No se trata de la única guerra de la que no queda memoria. El inicio del siglo XX y, sobre todo, el período entre las dos Guerras Mundiales, ofreció eso que Martha Crenshaw llamaba una “cultura de la violencia”, un caldo de cultivo ideal para el terrorismo anarquista. Sin embargo, este período carece de estudios serios y el propio Bach Jensen no ha contribuido en mucho a ello. Frente a la detallada biografía de algunos de los terroristas más famosos del siglo XIX, apenas si se menciona el nombre de los del siglo XX. De hecho, vemos pasar ante nuestros ojos y sin muchas explicaciones, un apresurado resumen de magnicidios, bombas y robos que deja lo ocurrido en el siglo anterior al nivel de incidentes menores.
Tampoco ha querido Bach Jensen pronunciarse claramente sobre una cuestión que él mismo insinúa en su libro, los paralelismos entre terrorismo anarquista e islamista.
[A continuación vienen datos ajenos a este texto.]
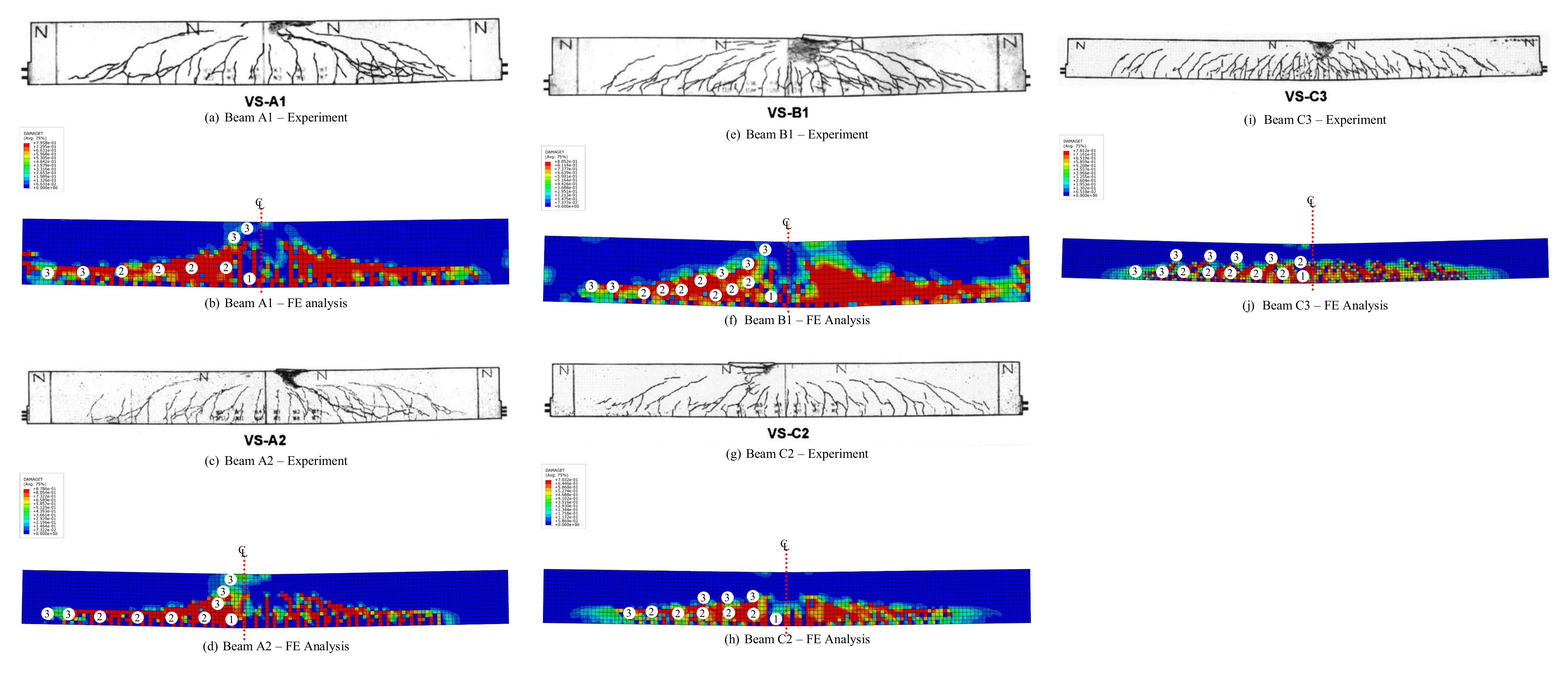 Figure 5 (a), (c), (e), (g) and (i) indicate the crack propagation in the experiment [11]. In general, flexural cracks initiated followed by the appearance of the diagonal cracks in the middle third of the beam depth in the shear span. With the increased loading, diagonal cracks extended in the upward and downward directions. Under the case of the beam with intermediate loading span and web reinforcement, the specimens failed in shear. The failure occurred due to the splitting of the concrete in the compression zone.

En mi opinión, este tema merece varias matizaciones. Para empezar sigo manteniendo hoy lo que escribí hace más de una década, a saber, que todos los movimientos terroristas obedecen a una serie de patrones comunes con independencia de su origen, ideología o fines que dicen perseguir. Por otra parte, me parece que a este paralelismo en concreto se lo ha enfocado erróneamente casi cada vez que se lo ha tratado. Ersel Aydinli, por ejemplo, en un estudio aparecido el mismo año 2016, (Violent Non-State Actors. From Anarchists to Jihadists, Routledge), acaba estableciendo una semejanza entre ambos en cuatro de doce parámetros, pero lo hace partiendo de un marco teórico que no permite diferenciar entre “anarquismo” y “terrorismo anarquista” y pasando por alto cosas como la existencia de agentes provocadores infiltrados por la policía en dicho movimiento. En definitiva, algo que señalaba Bach Jensen en un artículo posterior, la única manera de saber si podemos aprender de las causas, consecuencias y medidas adoptadas contra el terrorismo anarquista del XIX para aplicarlas a los “nuevos” terrorismos, pasa por la realización de estudios que no se hallen en manos de especialistas en este o aquel terrorismo, gente que tenga una visión amplia, que busque estructuras explicativas, isomorfismos, que, en lugar de preguntar “¿cómo?” pregunte “¿por qué esto y no cualquier otra cosa?”